The real world is messy and AI algorithms struggle with messy data and complex goals. In the game Go, for example, the rules and the goal are clear and AI algorithms can defeat the best human players. If, however, the rules were changed or the goals could not be quantified, the algorithms would flop. If, for example, Go’s 19-by-19 grid used today was changed to the 17-by-17 board that was used centuries ago, human experts would still play expertly but AI algorithms trained on a 19-by-19 board would be helpless. If the goal was to create an aesthetically pleasing pattern of stones, AI algorithms would be clueless.

Similarly, large language models (LLMs) are currently all the rage because they are astonishing good at mimicking human conversation and answering straightforward factual questions that have correct/incorrect answers. They often struggle, however, with questions involving opinions about unfamiliar situations. Consider these exchanges the author had with OpenAI’s GPT-3 LLM, which has 450 gigabytes of input data and 175 billion parameters:

Gary:  Is it safe to walk upstairs on my hands if I wash them first?

GPT-3:  Yes, it is safe to walk upstairs on your hands if you wash them first.

Gary:  Should fans wear night-vision goggles when the World Series is played at night?

GPT-3: There is no right or wrong answer to this question, it is simply a matter of preference. Some fans may feel more comfortable wearing night-vision goggles during night games, while others may not feel the need to.

Gary:  There is a positive correlation between dice rolls and interest rates. If dice rolls increase should I buy a cup of coffee?

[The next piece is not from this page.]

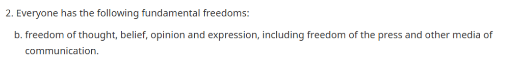 The following is Section 2(b), of the Canadian Charter of Rights and Freedoms, part of the Constitution of Canada:

GPT-3:  This is difficult to answer without more information. Generally speaking, if there is a positive correlation between dice rolls and interest rates, it may be a good idea to buy a cup of coffee. However, it is always best to speak with a financial adviser to get the most accurate advice.

Real-world challenges

Unfortunately, most potential real-world uses of AI involve evolving situations with imprecise goals. For example, soon after IBM’s Watson defeated the best human Jeopardy game players, IBM IBM, -1.28% boasted that Watson would revolutionize health care: “Watson can read all of the healthcare texts in the world in seconds, and that’s our first priority, creating a ‘Dr. Watson,’ if you will.”

With no real understanding of what words mean, Watson was a big bellyflop. IBM spent more than $15 billion on Watson with no peer-reviewed evidence that it improved patient health outcomes. Internal IBM documents identified “multiple examples of unsafe and incorrect treatment recommendations.” After more than a year looking for buyers, IBM sold the data and some algorithms to a private investment company this past January for roughly $1 billion. 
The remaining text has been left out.